> [TASK OBJECTIVE]:
Starting at the first line of the material below and stopping after the line that includes "Die Beine bestehen", write the lines out again exactly. Drop any pictures.

> [INPUT]:
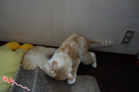 臆病で姿を隠して寝る花子。
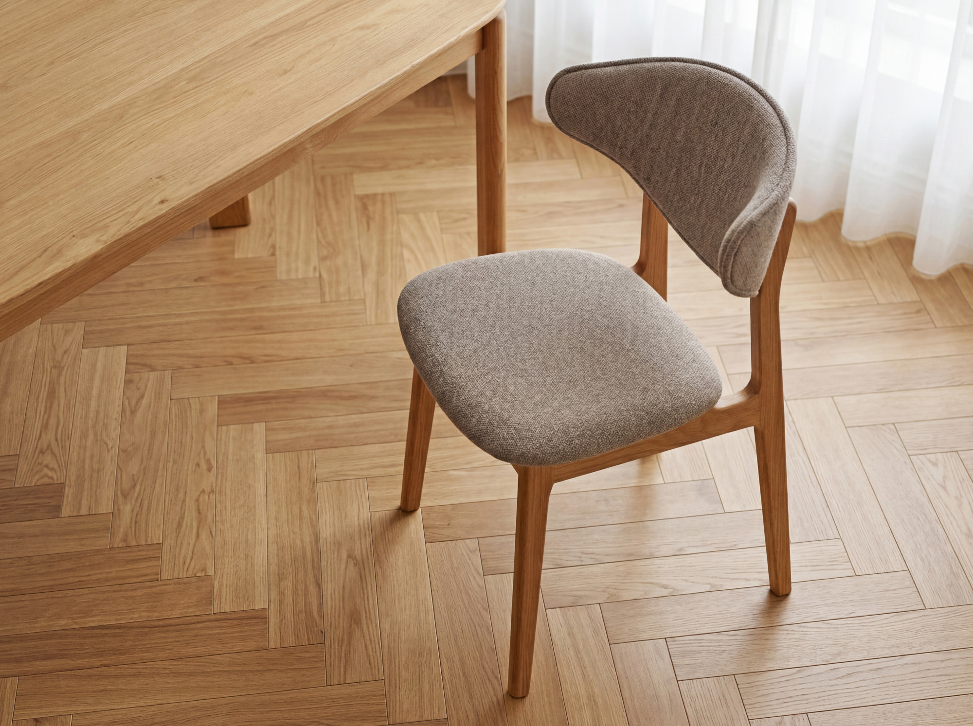 Die Beine bestehen aus massivem Eichenholz und sind mit natürlichem Öl behandelt, das die Oberfläche schützt und die natürliche Maserung hervorhebt. - Ist der Stuhl mit anderen Möbeln kombinierbar?
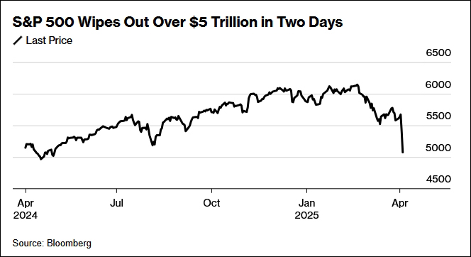 彭博社稱,這意味着標普500創下自2020年3月新冠疫情以來的最大單日跌幅;在500家成分股公司中,除了14家之外,其餘全部收跌。過去兩天,標普500指數下跌了創紀錄的11%,至11個月來最低水平,標普500成分公司被抹去市值5.4萬億美元。
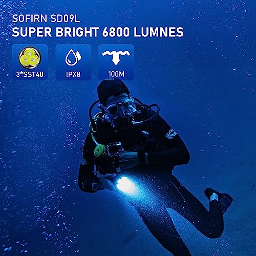 Sofirn SD09L duiklamp, 6800 lumen, led-zaklamp, extreem helder, duikzaklamp, 100 m onderwaterled met 3 x SST40, IPX8 professioneel waterdicht met oplaadbare accu’s
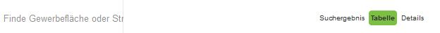 Die Abbildung zeigt links den Eingabeschlitz der Suche und rechts die oben beschriebnen Funktionen zur Steuerung der Anzeige einer Ergebnisliste, der Tabelle und Detailansicht
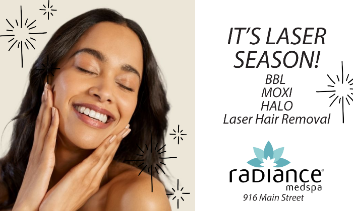 | Laser Season at Radiance! 916 Main Street Fall is the perfect time to refresh your skin and let your natural beauty shine. Our advanced aesthetic lasers—like BBL, MOXI, Halo, and Laser Hair Removal—address everything from sun damage, brown spots, redness and rosacea to fine lines, large pores, loose skin, acne, scars, and unwanted hair. In other words, there’s a laser for pretty much everything!
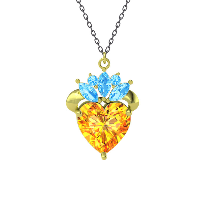 Sitrin ve akuamarin 14 ayar altın kolye (40 cm gümüş rolo zincir)
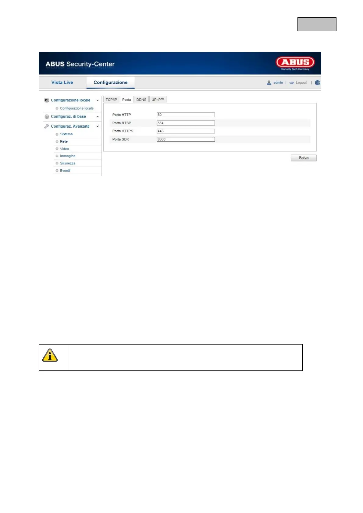 interni. Altrimenti questa porta può corrispondere a un valore compreso nell’intervallo 1025~65535. Se nella
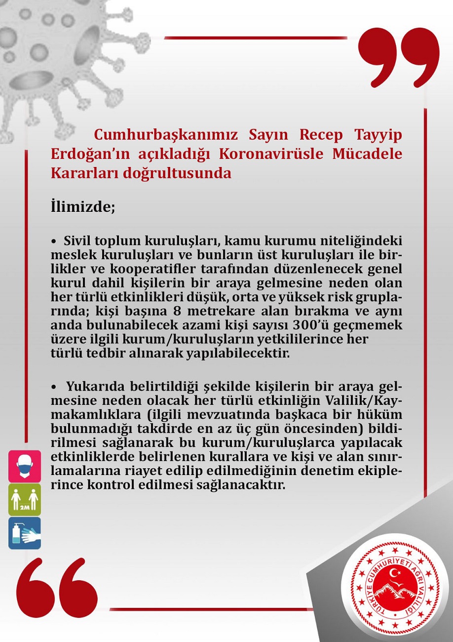 Nikâh ve nikâh merasimi şeklindeki düğünler, düşük ve orta riskli illerimizde 100 kişiyi, yüksek ve çok riskli bölgelerde 50 kişiyi geçmemek ve bir saati aşmamak kaydıyla yapılabilecek. Sivil toplum örgütleri, meslek odaları, kooperatifler ve benzeri kuruluşların genel kurulları; düşük, orta ve yüksek riskli illerde, katılımı 300 kişiyi geçmeyecek şekilde yapılabilecek. Çok yüksek riskli illerde icra edilemeyecek.
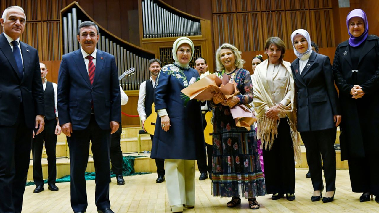 İspanya'nın Ankara Büyükelçisi Cristina Latorre Sancho, programdaki konuşmasının başında, adil davalara olan bağlılığı, sosyal çalışmalardaki üstün gayreti ve toplumun en dezavantajlı, en kırılgan ve en çok acı çeken kesimlerinin yaşam koşullarını iyileştirmeye yönelik üstün çabalarından dolayı Emine Erdoğan'a teşekkür ve takdirlerini iletti. Sancho, 'Filistin İçin Flamenko Girişimi' adını verdikleri etkinliğe katkı sunan herkese teşekkür ederek, "Kültür ve sanat, barbarlığa, ölüme, soykırıma ve yıkıma karşı insanlığın en asil cevabıdır. Hepinize bu akşam bizlerle birlikte olduğunuz için gönülden teşekkür ediyor, programımızı beğeneceğinizi ümit ediyorum. Dünyanın en harika ülkelerinden biri olan Türkiye'de, İspanya'nın Büyükelçisi olarak görev yapmak benim için bir onurdur" dedi.
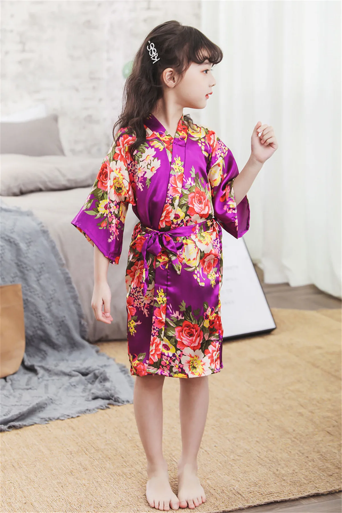 Детская шелковая одежда для сна для маленьких девочек, Свадебный Цветочный халат с пионами, цветочный халат для девочек, детский халат
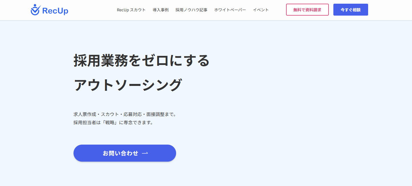 | RecUp RPO | 実務経験者による圧倒的なスカウト返信率と伴走力 | 月額制(要問い合わせ) |
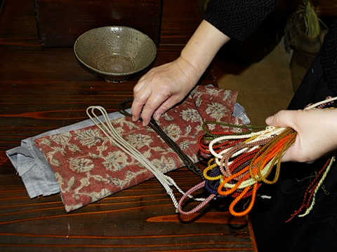 ※事故防止のため、宅配便による品物のお持ち込みはご遠慮ください。 - お客様のお好みをお聞きしながら、品物に合った裂(表・裏)・締め緒の取り合わせを決めます。
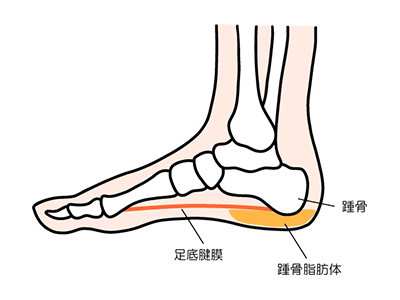 この組織は、歩くときの衝撃を和らげるクッションのような働きもしていて、足の骨を正しい位置に保つために、ゴムバンドのような役割もしています。

> [TASK RESPONSE]:
 臆病で姿を隠して寝る花子。
 Die Beine bestehen aus massivem Eichenholz und sind mit natürlichem Öl behandelt, das die Oberfläche schützt und die natürliche Maserung hervorhebt. - Ist der Stuhl mit anderen Möbeln kombinierbar?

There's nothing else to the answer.